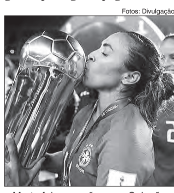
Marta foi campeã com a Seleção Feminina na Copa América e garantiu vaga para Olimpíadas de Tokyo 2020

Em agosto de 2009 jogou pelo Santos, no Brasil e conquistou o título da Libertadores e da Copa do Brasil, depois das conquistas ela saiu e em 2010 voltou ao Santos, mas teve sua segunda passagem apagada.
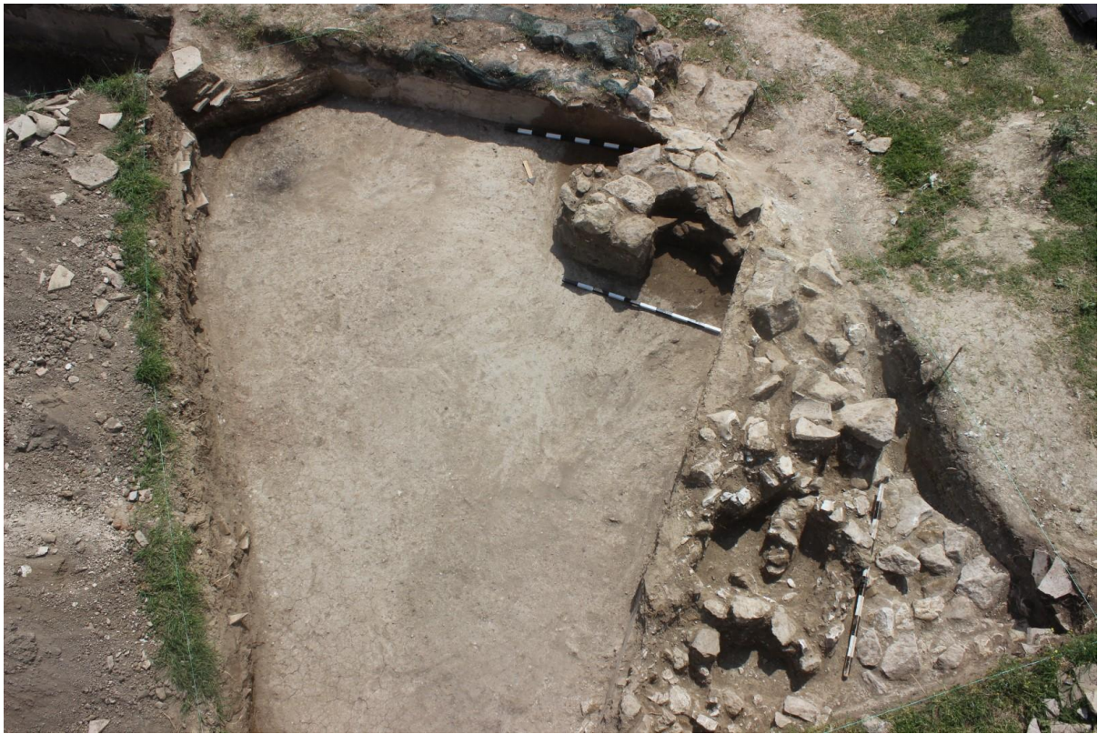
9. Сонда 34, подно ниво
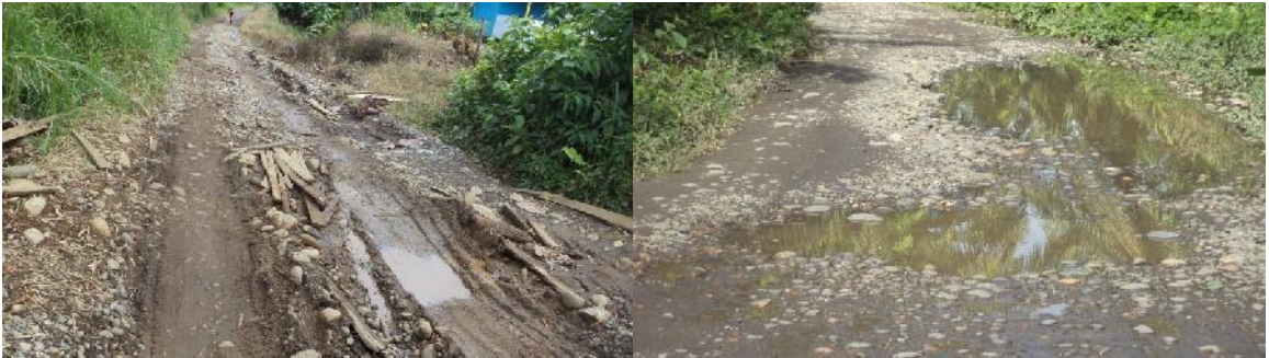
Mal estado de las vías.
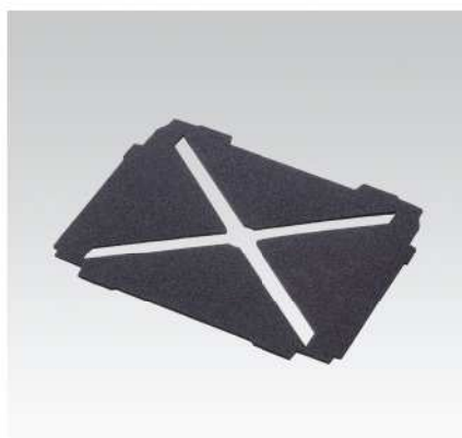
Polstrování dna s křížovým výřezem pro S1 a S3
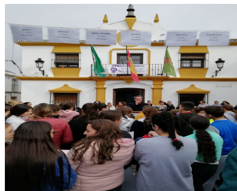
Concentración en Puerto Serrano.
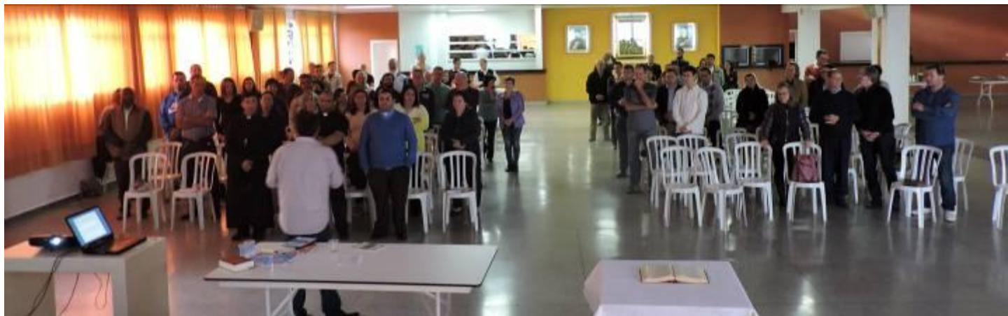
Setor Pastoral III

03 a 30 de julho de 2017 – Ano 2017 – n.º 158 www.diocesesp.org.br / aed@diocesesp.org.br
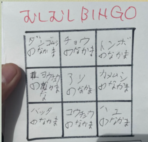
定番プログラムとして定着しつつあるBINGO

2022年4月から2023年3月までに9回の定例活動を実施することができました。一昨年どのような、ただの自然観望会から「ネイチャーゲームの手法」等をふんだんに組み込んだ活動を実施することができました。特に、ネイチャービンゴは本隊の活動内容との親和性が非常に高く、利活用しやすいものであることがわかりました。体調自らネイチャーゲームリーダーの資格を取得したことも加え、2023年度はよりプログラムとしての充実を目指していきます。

(About this exercise) In the records above, find the line that contains "Em agosto de" and repeat exactly that line and all lines after it to the end. Do not include pictures.

(Task answer)
Em agosto de 2009 jogou pelo Santos, no Brasil e conquistou o título da Libertadores e da Copa do Brasil, depois das conquistas ela saiu e em 2010 voltou ao Santos, mas teve sua segunda passagem apagada.
9. Сонда 34, подно ниво
Mal estado de las vías.
Polstrování dna s křížovým výřezem pro S1 a S3
Concentración en Puerto Serrano.
Setor Pastoral III

03 a 30 de julho de 2017 – Ano 2017 – n.º 158 www.diocesesp.org.br / aed@diocesesp.org.br
定番プログラムとして定着しつつあるBINGO

2022年4月から2023年3月までに9回の定例活動を実施することができました。一昨年どのような、ただの自然観望会から「ネイチャーゲームの手法」等をふんだんに組み込んだ活動を実施することができました。特に、ネイチャービンゴは本隊の活動内容との親和性が非常に高く、利活用しやすいものであることがわかりました。体調自らネイチャーゲームリーダーの資格を取得したことも加え、2023年度はよりプログラムとしての充実を目指していきます。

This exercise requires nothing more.